5, preferably while adjusting and holding at 7.5 to 8.0,
By aerating with air f, organic substances such as ethanolamine which partially remain in the liquid are decomposed by the action of sulfite bacteria and nitrate bacteria under aerobic conditions, and furthermore, the generated ammonium ions are partially assimilated. Most of them are oxidized to nitrite ions and nitrate ions. Most of the hydrazine contained in the liquid is biodegraded by microorganisms to become nitrogen gas or the like. The reaction is represented by chemical reaction formulas (3) to (7).
As shown below.

[0018]

Embedded image

In this reaction, an aerobic microorganism consisting of nitrite and nitrate was trained for about one month. As a result, it was confirmed that these microorganisms were successfully treated without being inhibited by hydrazine, and had acquired hydrazine resistance. A part after the treatment is returned to the first anaerobic decomposition tank 1 described above, and the remaining part is supplied to the next step.

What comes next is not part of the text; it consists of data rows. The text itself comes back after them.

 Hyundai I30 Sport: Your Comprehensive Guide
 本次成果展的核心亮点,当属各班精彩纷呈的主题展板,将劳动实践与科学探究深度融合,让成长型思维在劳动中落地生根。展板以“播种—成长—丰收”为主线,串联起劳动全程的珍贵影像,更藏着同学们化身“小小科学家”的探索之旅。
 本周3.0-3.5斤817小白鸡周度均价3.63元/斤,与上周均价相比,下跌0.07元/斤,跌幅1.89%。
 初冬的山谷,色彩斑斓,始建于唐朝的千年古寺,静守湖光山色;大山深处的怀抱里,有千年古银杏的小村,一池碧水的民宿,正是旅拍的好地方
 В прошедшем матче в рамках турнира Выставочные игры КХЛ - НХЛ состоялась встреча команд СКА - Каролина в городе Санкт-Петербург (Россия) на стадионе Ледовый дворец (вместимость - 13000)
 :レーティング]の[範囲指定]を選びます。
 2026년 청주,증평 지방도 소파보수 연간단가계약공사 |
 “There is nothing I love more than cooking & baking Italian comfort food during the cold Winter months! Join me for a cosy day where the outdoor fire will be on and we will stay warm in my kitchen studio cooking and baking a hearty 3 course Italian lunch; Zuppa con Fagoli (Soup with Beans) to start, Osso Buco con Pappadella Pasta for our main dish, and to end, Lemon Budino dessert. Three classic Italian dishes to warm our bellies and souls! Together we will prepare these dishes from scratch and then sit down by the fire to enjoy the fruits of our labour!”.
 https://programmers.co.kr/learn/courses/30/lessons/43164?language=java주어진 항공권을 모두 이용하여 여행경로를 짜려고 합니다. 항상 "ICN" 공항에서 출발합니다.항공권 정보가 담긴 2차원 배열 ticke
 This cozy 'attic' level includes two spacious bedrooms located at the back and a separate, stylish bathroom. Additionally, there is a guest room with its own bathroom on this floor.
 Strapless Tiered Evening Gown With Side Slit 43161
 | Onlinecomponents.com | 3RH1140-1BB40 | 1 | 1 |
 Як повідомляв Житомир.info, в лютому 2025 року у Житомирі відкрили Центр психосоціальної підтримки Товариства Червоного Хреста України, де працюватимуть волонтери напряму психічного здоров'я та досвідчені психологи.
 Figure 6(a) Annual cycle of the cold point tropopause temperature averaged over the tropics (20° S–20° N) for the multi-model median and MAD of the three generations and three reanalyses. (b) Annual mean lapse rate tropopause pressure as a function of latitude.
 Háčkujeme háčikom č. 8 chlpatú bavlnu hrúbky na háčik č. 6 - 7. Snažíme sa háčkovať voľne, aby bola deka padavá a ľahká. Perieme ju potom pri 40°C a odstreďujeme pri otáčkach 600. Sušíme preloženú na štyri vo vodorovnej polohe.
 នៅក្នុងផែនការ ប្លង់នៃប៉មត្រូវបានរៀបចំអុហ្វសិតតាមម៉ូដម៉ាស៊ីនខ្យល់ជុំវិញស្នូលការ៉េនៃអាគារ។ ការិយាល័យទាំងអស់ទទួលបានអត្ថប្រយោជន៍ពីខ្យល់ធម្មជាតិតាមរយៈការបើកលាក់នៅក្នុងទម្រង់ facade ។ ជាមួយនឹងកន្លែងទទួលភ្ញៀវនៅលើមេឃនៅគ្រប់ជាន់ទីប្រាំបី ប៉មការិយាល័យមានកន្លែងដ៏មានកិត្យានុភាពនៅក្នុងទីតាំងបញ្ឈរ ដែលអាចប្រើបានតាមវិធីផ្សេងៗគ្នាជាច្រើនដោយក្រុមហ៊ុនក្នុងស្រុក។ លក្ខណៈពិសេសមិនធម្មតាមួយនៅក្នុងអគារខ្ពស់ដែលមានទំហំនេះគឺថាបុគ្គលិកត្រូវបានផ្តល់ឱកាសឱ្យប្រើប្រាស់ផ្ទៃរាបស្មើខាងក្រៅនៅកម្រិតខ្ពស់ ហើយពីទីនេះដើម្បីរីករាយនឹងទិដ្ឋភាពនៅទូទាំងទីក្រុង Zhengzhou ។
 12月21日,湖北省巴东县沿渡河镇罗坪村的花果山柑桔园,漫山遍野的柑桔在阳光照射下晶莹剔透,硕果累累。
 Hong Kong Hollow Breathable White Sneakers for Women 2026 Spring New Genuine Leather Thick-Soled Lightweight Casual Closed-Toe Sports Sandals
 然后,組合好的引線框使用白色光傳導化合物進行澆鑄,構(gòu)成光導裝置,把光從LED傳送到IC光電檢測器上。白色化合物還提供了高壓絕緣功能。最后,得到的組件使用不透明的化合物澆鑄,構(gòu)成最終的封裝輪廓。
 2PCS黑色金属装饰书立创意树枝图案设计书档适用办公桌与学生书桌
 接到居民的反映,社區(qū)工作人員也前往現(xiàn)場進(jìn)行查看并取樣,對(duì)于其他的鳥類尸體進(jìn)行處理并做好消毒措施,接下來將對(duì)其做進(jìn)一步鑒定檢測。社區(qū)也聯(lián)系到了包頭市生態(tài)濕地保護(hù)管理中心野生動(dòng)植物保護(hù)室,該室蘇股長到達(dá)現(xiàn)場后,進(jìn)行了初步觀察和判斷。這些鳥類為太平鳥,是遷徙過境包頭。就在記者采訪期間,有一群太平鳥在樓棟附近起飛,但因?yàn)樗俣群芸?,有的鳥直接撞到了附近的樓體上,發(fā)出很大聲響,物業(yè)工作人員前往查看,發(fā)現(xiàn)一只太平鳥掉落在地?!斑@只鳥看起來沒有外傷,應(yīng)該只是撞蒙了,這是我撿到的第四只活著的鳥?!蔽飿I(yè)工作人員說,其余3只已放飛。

(3) Second Anaerobic Decomposition Step The remainder of the processing liquid in the first aerobic decomposition tank 2 is led to the second anaerobic decomposition tank 3. Here, a neutralizing agent b such as sodium hydroxide
At pH 8.0 to 9.5, preferably 8.5 to 9.0.
By adding and mixing an organic substance such as methanol e as an energy source for the metabolism of microorganisms while maintaining the pH, the action of denitrifying bacteria under anaerobic conditions is the same as in the case of the first anaerobic decomposition tank 1. This decomposes organic substances such as ethanolamine remaining in a part of the liquid, and reduces nitrite ions and nitrate ions to decompose them into nitrogen gas, carbon dioxide gas and the like, which are released as decomposed gas g ′.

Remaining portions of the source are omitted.